シェーンベルク:コル・ニドレ, Op.39
ハンス・スワロフスキー指揮 ウィーン交響楽団 (語り)ハンス・ヤーライ、アカデミー室内合唱団 1952年10月28日&30日録音
Schonberg:Kol Nidre, Op.39
苦しみに満ちたユダヤの苦悩

「コル・ニドレ」とは贖罪日というユダヤ人にとって最も重要な日に朗唱されるものだそうです。
その贖罪日とは自らが犯したあらゆる罪を告白して神に赦しを乞うだけでなく、家族や民全体の罪や気付かずに犯してしまったかもしれない自分の罪に対しても赦しを乞う日だそうです。

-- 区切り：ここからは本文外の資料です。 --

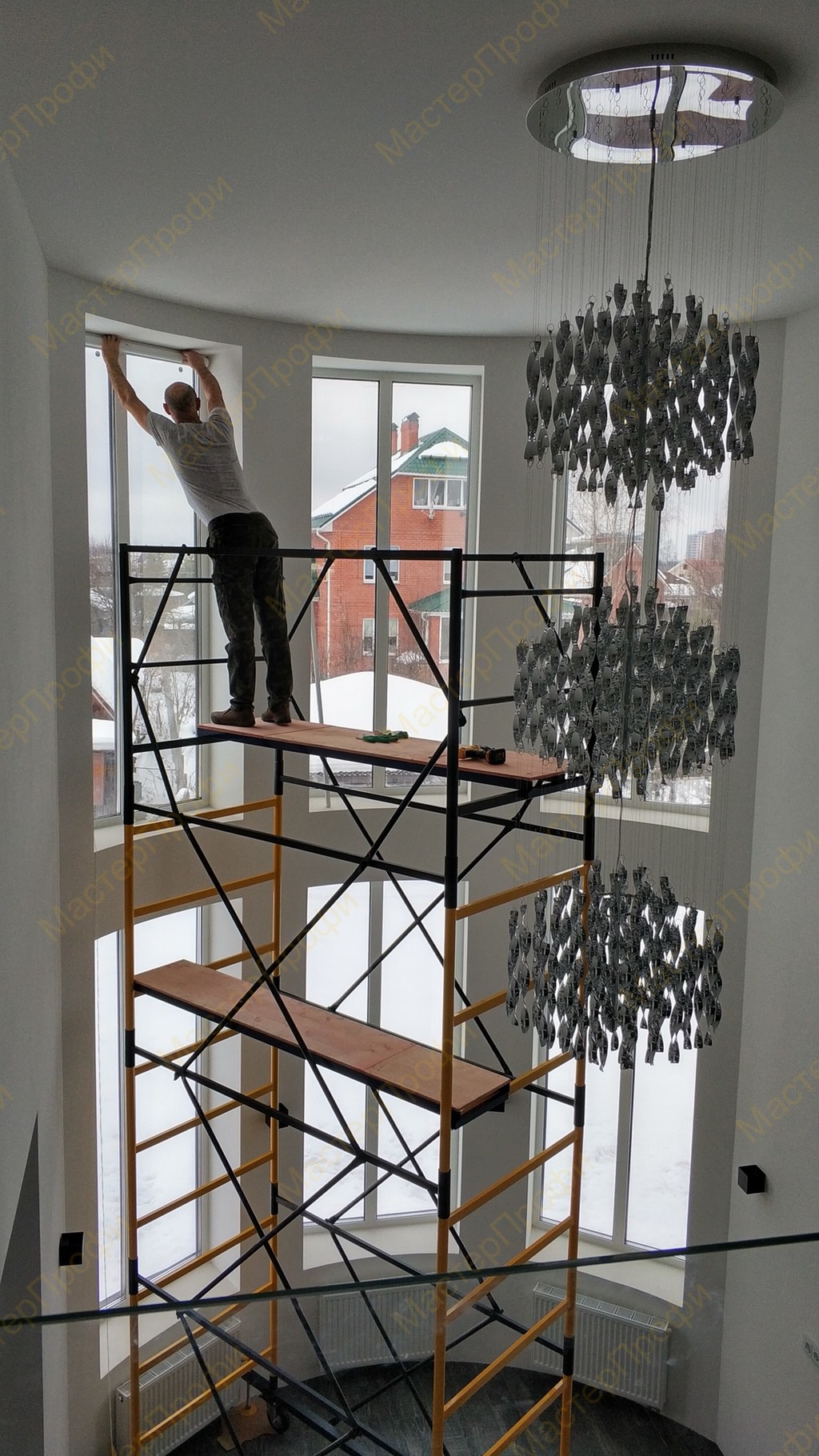 Монтаж рулонных штор на высоте

一般的に「コル・ニドレ」と言えば、ユダヤ人でもないブルッフがユダヤの旋律を用いた作品が思い浮かびますし、それがおそらく最も有名な作品でしょう。それ以外にもこの「コル・ニドレ」に題材をっった作品は数多くあるそうですが、そのどれもが悲しみを含んだ叙情的な旋律を持った音楽でした。
しかし、シェーンベルクはそう言う「甘いコル・ニドレ」には納得できず、あらゆる罪の告白と許しを乞うという「コル・ニドレ」本来の意味に相応しい音楽を作ろうとして生まれたのがこの作品です。
そして、その背景にはパリに亡命し、さらにロサンジェルスに渡った後に知り合ったユダヤ教の律法学者との出会いがあったようです。
出来上がった音楽は12音技法によって書かれた一片の甘さもない音楽で、祖国を失い離散したユダヤ人の苦しみと理不尽な心の痛みが表白されています。
長い序奏はまるで苦しみに満ちたユダヤの苦悩に対する呻きのようであり、その悲しみは聞くものの心に突き刺さります。
それ故に、この作品もまた「ワルシャワの生き残り」と同じように、それ以後の理屈だけの現代音楽とは本質的に異なった「魂のこもった音楽」になっています。
しかしながら、結果的にはこの「コル・ニドレ」はそれほど多くの支持は得られなかったようです。
そのために、今日でも「コル・ニドレ」と言えばブルッフを思い出すことになっしまっています。やはり、通常の演奏会で聞くには辛すぎるので、それもまた仕方のないことなのでしょうね。
論理を感情へと変換する見事な能力
1952年に録音されたこの2曲は世界初録音と言うことらしいです。
「コル・ニドレ」は1938年、「ワルシャワの生き残り」は1947年に作曲された作品ですから、まさに同時代の音楽として、スワロフスキーは強い共感を持って演奏していることがひしひしと伝わってきます。
とりわけ、短いながらも大規模な管弦楽と男声合唱を伴う「ワルシャワの生き残り」の演奏は大きな困難を伴うと思われるのですが、スワロフスキーはその優れた指揮テクニックで見事にその大規模編成を統率しています。
また、12音技法という論理によって構築されている音楽を、精緻な楽曲分析によってホロコーストの非条理さや、ユダヤの呻きのような感情へと見事に変換している事に強い共感を覚えます。
現代音楽はその様な「人間的感情」を意図的に拒絶し、おそらくは仲間内でしか理解し得ないあれこれの仕組みだけを競い合い、それが多くの聞き手に理解されないという事実に対しても「馬鹿には分からない」と開き直っています。
しかし、人の心にふれてこないような音楽というものは聞き手には受け入れられません。もしも、受け入れることが出来るとするならば、それは音楽以外の全く別物として受け入れているのではないでしょうか。
言い過ぎかもしれませんが、現代音楽の大部分はおそらく「音楽」とは異なる全く別のものをつくり出しているのかもしれません。ですから、それは「音楽」とは異なる別のカテゴリーをつくってそちらに隔離し、「音楽」という本来のカテゴリから排除しなければ、現代の音楽としてのクラシック音楽は二度と蘇ることはないでしょう。
音楽に論理が必要なことは否定しませんしそれは当然のことです。
しかし、その論理は最終的には表白すべき人間的感情に昇華されなければいけません。そのためには、作品そのものにそう言う力があることに加えて、その様な変換機能を演奏者が持っていることが必要不可欠です。
始めにも書いたように、スワロフスキーには同時代的共感も含めて、その様な素晴らしい能力を持った指揮者であることを再確認させてくれる録音です。